Southeastern Section–55th Annual Meeting (23–24 March 2006)

Paper No. 10
Presentation Time: 4:50 PM

TAPHONOMY AND OBRUTION FORMATION OF BRYOZOAN – FORAMINIFERA THICKETS FROM THE MIDDLE MIOCENE TANOSAWA FORMATION OF NORTHEASTERN JAPAN


GIBSON, Michael A., Agriculture, Geoscience, & Natural Resources, University of Tennessee at Martin, 256 Brehm Hall, Martin, TN 38238, TAKASHITA, Yuko, Dept. of Earth and Planetary Science, University of Tennessee, Knoxville, Knoxville, TN 37996 and KAMADA, Kotaro, Dept. of Science Education, Hirosaki University, Hirosaki, Bunkyo-cho, Hirosaki-shi, Aomori Prefecture, Hirosaki, 036-8560, Japan, mgibson@utm.edu

A wave-cut platform, raised by an earthquake in 1793, at Odose on the northwestern coast of Honshu, Japan exposes fine to very coarse sandstones of Tanosawa Formation (early-middle Miocene).
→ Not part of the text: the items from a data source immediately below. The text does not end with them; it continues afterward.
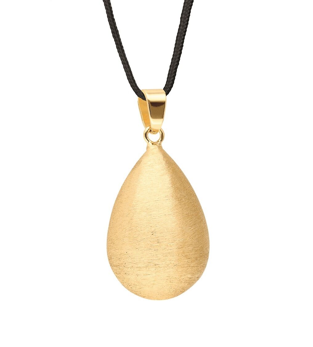 Tillverkad i guldpläterat, nickelfritt stål. Band av vaxad bomull.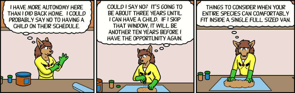 Florence (thinking): I have more autonomy here than I did back home. I could probably say no to having a child on their schedule.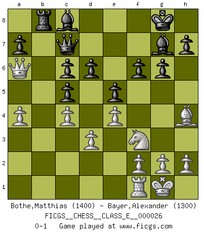 Last move : 0-1 2007 January 7 14:8:22 [Event "FICGS__CHESS__CLASS_E__000026"] [Site "FICGS"] [Date "2006.12.21"] [Round "1"] [White "Bothe,Matthias"] [Black "Bayer,Alexander"] [Result "0-1"] [WhiteElo "1400"] [BlackElo "1300"] 1.e4 c5 2.Nc3 Nc6 3.Nf3 d6 4.Bc4 g6 5.d3 Bg7 6.O-O Nf6 7.Bf4 O-O 8.Nd5 Nxd5 9.Bxd5 Bxb2 10.Rb1 Bg7 11.Bxc6 bxc6 12.c4 e5 13.Bg5 f6 14.Bh4 Be6 15.Qa4 Qc7 16.Qa6 Rfb8 17.Rxb8+ Rxb8 18.a4 Bc8 0-1 Sicilian : Closed, 2...Nc6 Kingside Castling by player White (move 6) Kingside Castling by player Black (move 7) Player Black won this chess game. Follow this game move after move (download)Robert Fischer is a law unto himself. (Larry Evans) Ein bischen Romantik kann weder im Schach noch in der Liebe schaden. Also versuche ich mich ab und zu daran zu erinnern. (Nigel Short) El Ajedrez era la lengua materna de Capablanca. (Reti) Shah mat. Le roi est mort. Cri de fierté d'un joueur venant de terrasser son adversaire, courtoisement, sans effusion de sang. Beep ! (R2D2 in Star Wars ep.3)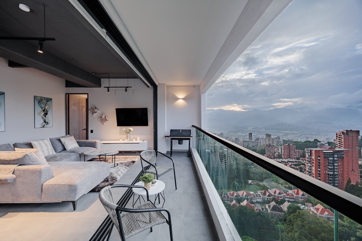 RECENTLY RENOVATED -High-speed internet great for remote work -Brand new A/C -Fully renovated Industrial design apartment -King size bed -Breathtaking views of Medellín (trust me, worthwhile to stay here) -19th floor -Unbeatable location in Poblado near to Provenza and Lleras Park -Modern amenities -Spacious living area -Smart TV x 2 -Fully equipped kitchen -Washer & Dryer Tower -Pool -Gym -Coworking space -Restaurant inside the building -Private parking -Self check-in -24/7 Security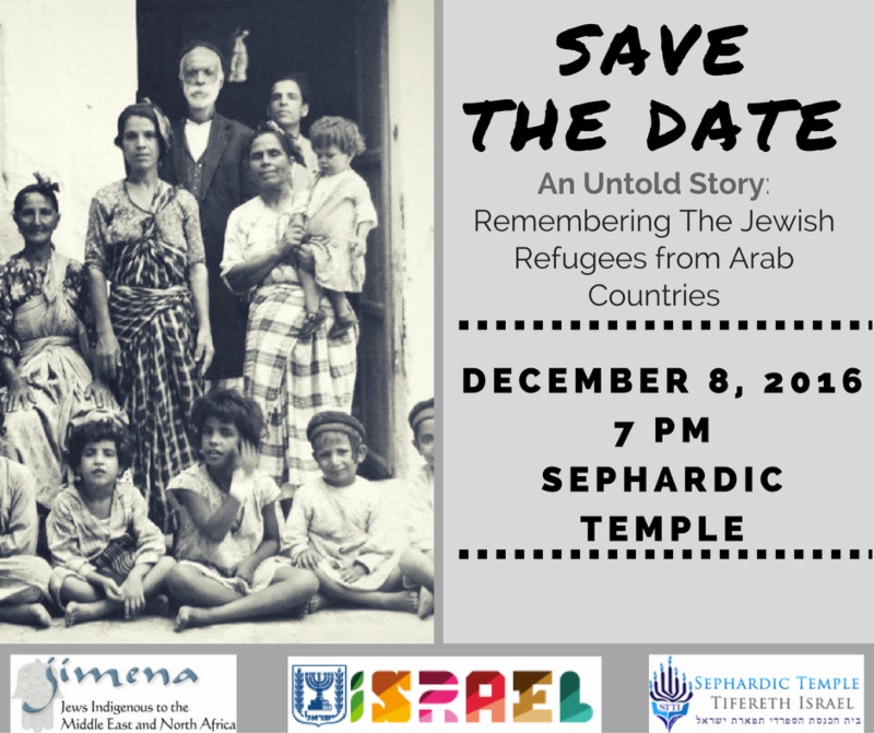 Join JIMENA LA, Sephardic Temple Tifereth Israel, and the Consulate General of Israel LA for this amazing event! An art exhibit and remarks from eyewitness refugees will commemorate the Jewish Refugees from Arab Countries and Sam Grundwerg, Consul General of Israel in Los Angeles will share remarks on the importance of this commemoration.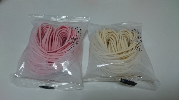 可愛らしいパッケージで麺の色がピンクと白でした![]()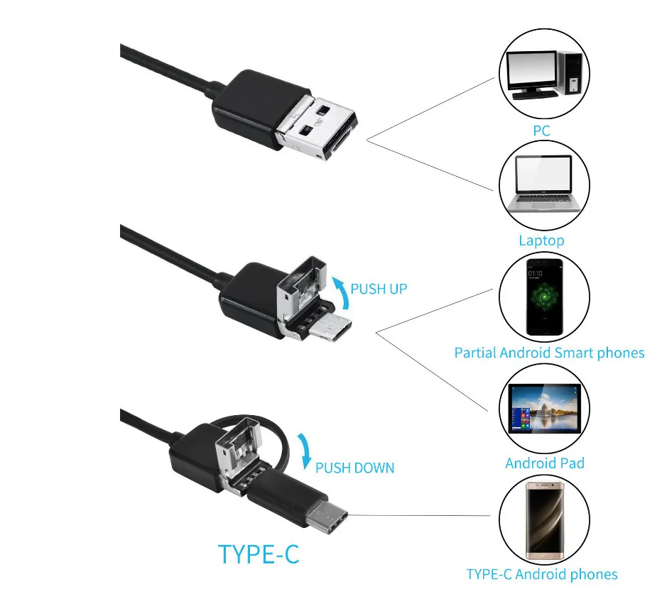 1 м2 м3,5 м5 м10 м портативный водонепроницаемый 360 камера 8-миллиметровый эндоскоп с поддержкой для ПК компьютер Type-C USB мини-экшн-камеры для телефона Xiaomi

The uplifted seafloor exposes a field of bryozoan frameworks thickets, many appear in living position and distribution, and bryozoan-foraminifera concentrations (occurring as nodular regions with circular bedding plane patterns) associated with the thickets. Rounded granules, grading to pebbles, of scoria occur in the thickets indicating volcaniclastic input. Several modes of formation have been suggested, including: concentrations resulting from liquefaction/fluidization during sediment dewatering; the accumulations are biogenic, but indirect from activity during the formation of the ichnotaxon Piscichnus waitemata, which has been interpreted as the feeding pattern of sting rays; or as we assert bryozoan colonies stabilizing a portion of the Miocene seafloor facilitating baffling that entrapped foraminifera and scoria during a higher energy events. The in living position habit along with the preservation of the patchy distribution of the bryozoans favors an interpretation that the deposit by obrution of the sea floor, perhaps during a seismic/volcanic event.